While those titans "are very good companies," says Jeff Brewer, Baptist's senior vice president for shared programs and services, Emageon's proposal was superior, offering greater on-site storage capacity - at a significant cost savings.

So far, Baptist has installed the Emageon technology in two of its hospitals - Montclair and Princeton medical centers. A third, in Shelby County, is close to going on line. A fourth - Baptist Walker Medical Center - also will have the Emageon system in the near future.

"We projected a 33 percent return on investment," Brewer says of the $5.2 million deal. Already, he says, Baptist is on target to meet that projection.

 Baptist was put off by the incompatibility between GE's and Siemens' technology.

"Those types of business models are designed to create high margins for those vendors," Brewer says of the two firms' proprietary systems, which, in effect, lock clients into one technology or the other. Emageon's system, he says, is "plug and play," thanks to the company's adherence to open standards, notably DICOM - or Digital Imaging and Communications in Medicine - which was developed by the American College of Radiology and the National Electrical Manufacturers Association and is emerging as the industry standard for electronically transferring diagnostic images.

So pleased is Baptist with Emageon's technology, Brewer says, that "this is a partnership we expect to extend well into the future."

Marketplace buys in

Since launching commercial operations in January 2000, Emageon has gained market share across the country. In the past two years, the firm has entered into user agreements with medical centers in Arizona, California, Illinois, Michigan, Minnesota, Missouri, New Jersey, Pennsylvania and Wisconsin as well as in its home state, where it has worked with Baptist, Brookwood Medical Center, St. Vincent's Hospital and the University of Alabama at Birmingham Hospital.

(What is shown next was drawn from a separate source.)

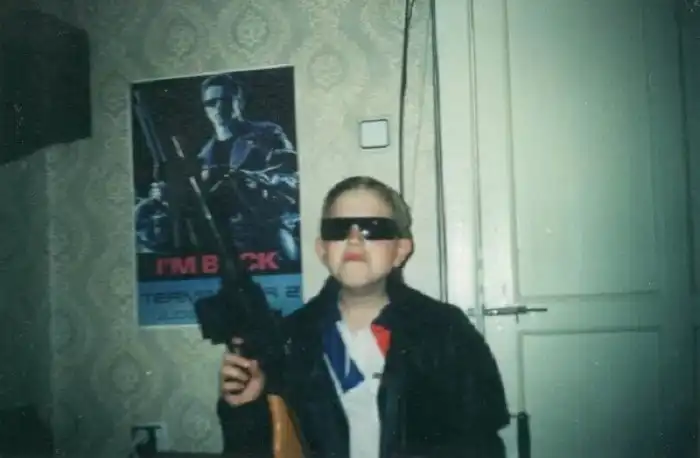 46. «И восстали машины из пепла ядерного огня...» Парень на фоне плаката второго Терминатора, 1990-е годы

Emageon's revenue has soared in the three-plus years the firm has been in business. In its first year of commercial operations - in 2000 - Emageon recorded $500,000 in revenue. That grew to $3 million in 2001, shot to $13 million last year and is expected to top $25 million this year, says Silva-Craig, the company's chief operating officer.

At that, says president and CEO Chuck Jett, "we believe we can continue to grow at a significant rate in the United States."

To date, 125 hospitals nationwide have committed to installing Emageon's technology, and that number is on the rise. This year alone, Emageon announced contracts with four additional hospital companies and is nearing agreements with others.

The company's roots date to late 1997, when researchers in UAB's Department of Neurosurgery began developing a Java-based system to provide real-time access to MRI and CT images during surgical procedures and as a cost-effective way to store and retrieve such images.

As a result, Silva-Craig says, "you'll see our market share continue to increase."We have a nice road map of continued innovation."